Earl of Manchester, Speaker this Day.
Declaration against the Chester Association.
A Declaration concerning the Agreement of the County of Chester within themselves, of Neutrality, brought Yesterday from the House of Commons, was read. (Here enter it.)
To be published.
And Ordered, To be printed, and read in all the Parish Churches and Chapels in the County of Chester, by the Parsons, Vicars, and Curates.
Cheshire Instructions to be examined.
Ordered, That the Clerk of the Parliament shall examine the Instructions concerning Cheshire, to see if they agree with those of Lanchashire, and to report the same to this House on Monday next.
Declaration for a further Subscription.
Next, [ (fn. 1) was read] a Declaration concerning Subscriptions for maintaining the Army. (Here enter it.)

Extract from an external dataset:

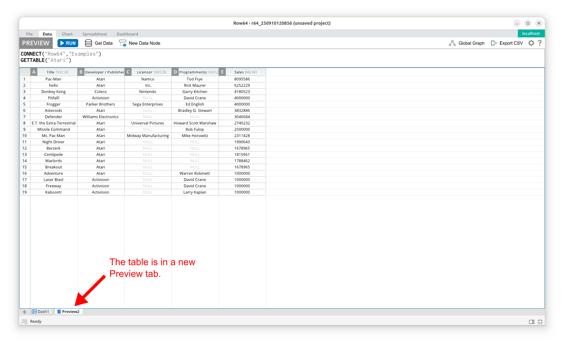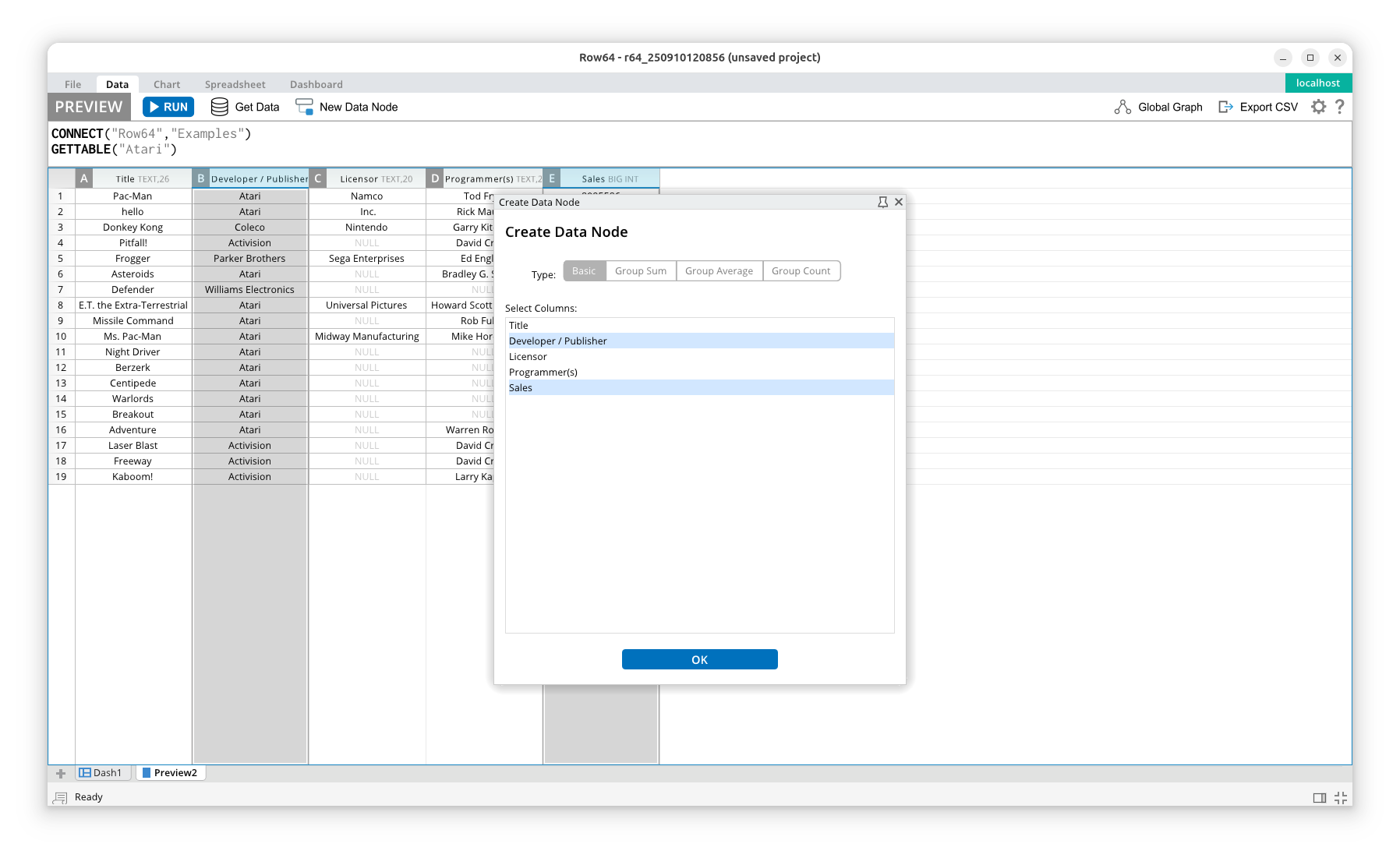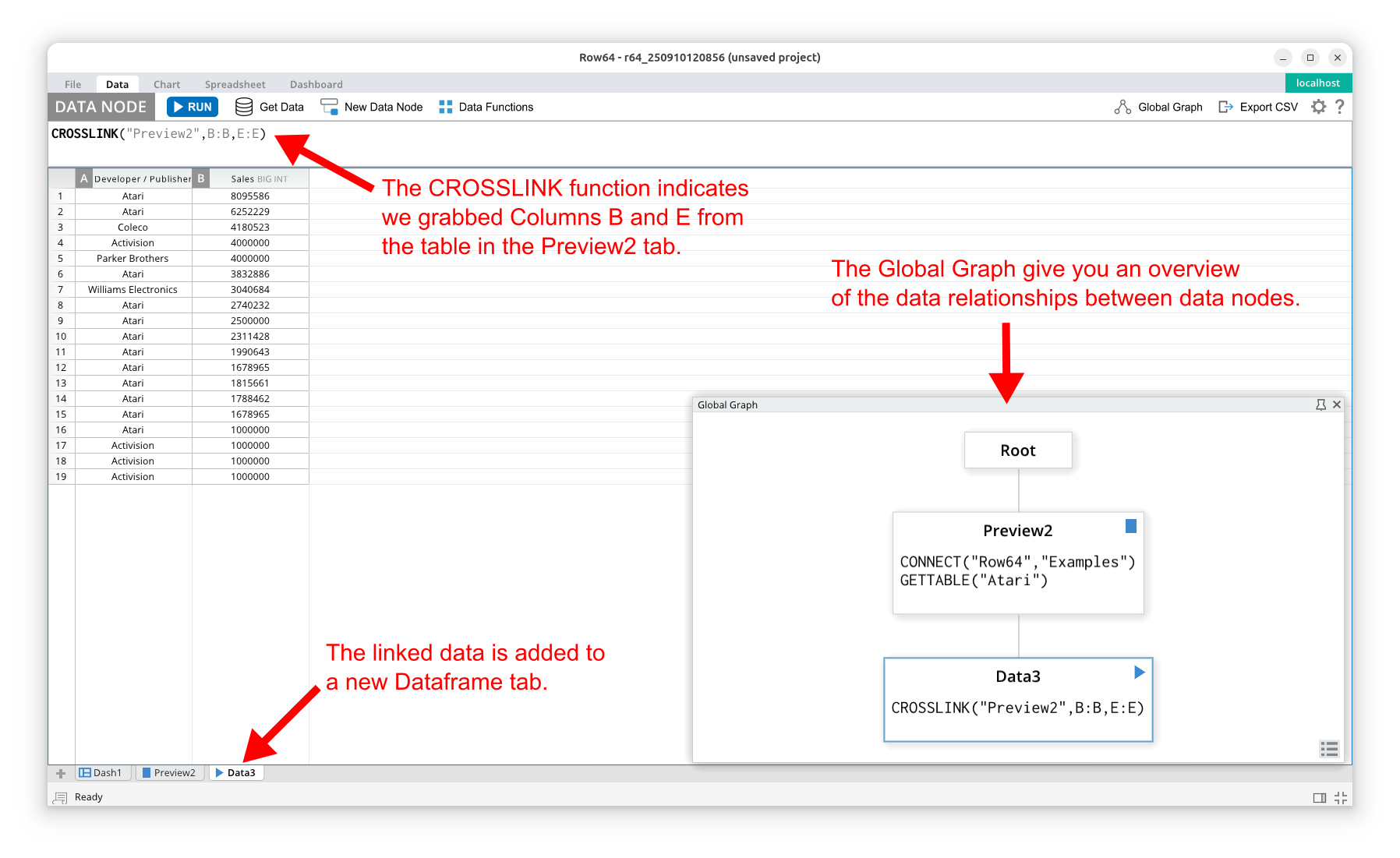 The Global Graph is an overview of the evaluation graph within the Row64 Studio project. This describes how data is related and transformed within the project. The Global Graph window pops up whenever you create a new data node. In our example, you can see we retrieved a Preview from the Atari table from the Row64/Examples data group, and then we derived a Dataframe from Columns B and E using the CROSSLINK

L. Mayor to call a Common Hall about it.
And Ordered, That the Lord Mayor be desired to call a Common Hall on Tuesday next, in the Afternoon, at Two of the Clock; and on Monday, the Lords to be appointed, and to send to the House of Commons, to acquaint them with it.
Peers and Assistants to give their Answers about the Subscription.
Ordered, That upon Monday Morning the Speaker do move, to know the Answers of the Members and Assistants of this House, what they will subscribe for the Maintenance of the Army; and the Clerk of the Parliament to provide Two Books for this Purpose.
Coles and Leach, for printing scandalous Pamphlets.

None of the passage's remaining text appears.